How do different queue types handle message failure?

Standard queues

Standard queues keep processing messages until the expiration of the retention period. This continuous processing of messages minimizes the chances of having your queue blocked by messages that can’t be processed. Continuous message processing also provides faster recovery for your queue.

In a system that processes thousands of messages, having a large number of messages that the consumer repeatedly fails to acknowledge and delete might increase costs and place extra load on the hardware. Instead of trying to process failing messages until they expire, it is better to move them to a dead-letter queue after a few processing attempts.

Note

Standard queues allow a high number of inflight messages. If the majority of your messages can’t be consumed and aren’t sent to a dead-letter queue, your rate of processing valid messages can slow down. Thus, to maintain the efficiency of your queue, make sure that your application correctly handles message processing.

FIFO queues

FIFO queues provide exactly-once processing by consuming messages in sequence from a message group. Thus, although the consumer can continue to retrieve ordered messages from another message group, the first message group remains unavailable until the message blocking the queue is processed successfully.

Note

FIFO queues allow a lower number of inflight messages. Thus, to keep your FIFO queue from getting blocked by a message, make sure that your application correctly handles message processing.
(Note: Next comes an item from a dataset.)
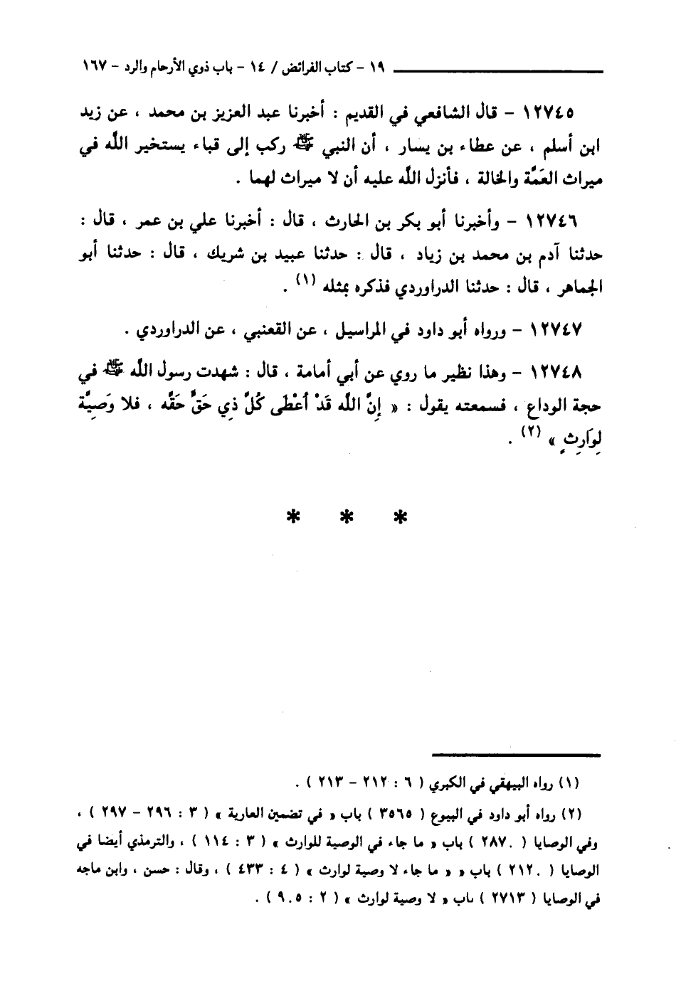 12748 - وَهَذَا نَظِيرُ مَا رُوِيَ، عَنْ أَبِي أُمَامَةَ قَالَ: شَهِدْتُ رَسُولَ اللَّهِ صَلَّى اللهُ عَلَيْهِ وَسَلَّمَ فِي حَجَّةِ الْوَدَاعِ، فَسَمِعْتُهُ يَقُولُ: «§إِنَّ اللَّهَ قَدْ أَعْطَى كُلَّ ذِي حَقٍّ حَقَّهُ، فَلَا وَصِيَّةَ لِوَارِثٍ» ......

When should I use a dead-letter queue?

Do use dead-letter queues with standard queues. You should always take advantage of dead-letter queues when your applications don’t depend on ordering. Dead-letter queues can help you troubleshoot incorrect message transmission operations.

Note

Even when you use dead-letter queues, you should continue to monitor your queues and retry sending messages that fail for transient reasons.

Do use dead-letter queues to decrease the number of messages and to reduce the possibility of exposing your system to poison-pill messages (messages that can be received but can’t be processed).

Don’t use a dead-letter queue with standard queues when you want to be able to keep retrying the transmission of a message indefinitely. For example, don’t use a dead-letter queue if your program must wait for a dependent process to become active or available.

Don’t use a dead-letter queue with a FIFO queue if you don’t want to break the exact order of messages or operations. For example, don’t use a dead-letter queue with instructions in an Edit Decision List (EDL) for a video editing suite, where changing the order of edits changes the context of subsequent edits.

Troubleshooting dead-letter queues

In some cases, Amazon SQS dead-letter queues might not always behave as expected. This section gives an overview of common issues and shows how to resolve them.

Viewing messages using the console might cause messages to be moved to a dead-letter queue

Amazon SQS counts viewing a message in the console against the corresponding queue's redrive policy. Thus, if you view a message in the console the number of times specified in the corresponding queue's redrive policy, the message is moved to the corresponding queue's dead-letter queue.

To adjust this behavior, you can do one of the following:

  • Increase the Maximum Receives setting for the corresponding queue's redrive policy.

  • Avoid viewing the corresponding queue's messages in the console.

The NumberOfMessagesSent and NumberOfMessagesReceived for a dead-letter queue don't match

If you send a message to a dead-letter queue manually, it is captured by the NumberOfMessagesSent metric. However, if a message is sent to a dead-letter queue as a result of a failed processing attempt, it isn't captured by this metric. Thus, it is possible for the values of NumberOfMessagesSent and NumberOfMessagesReceived to be different.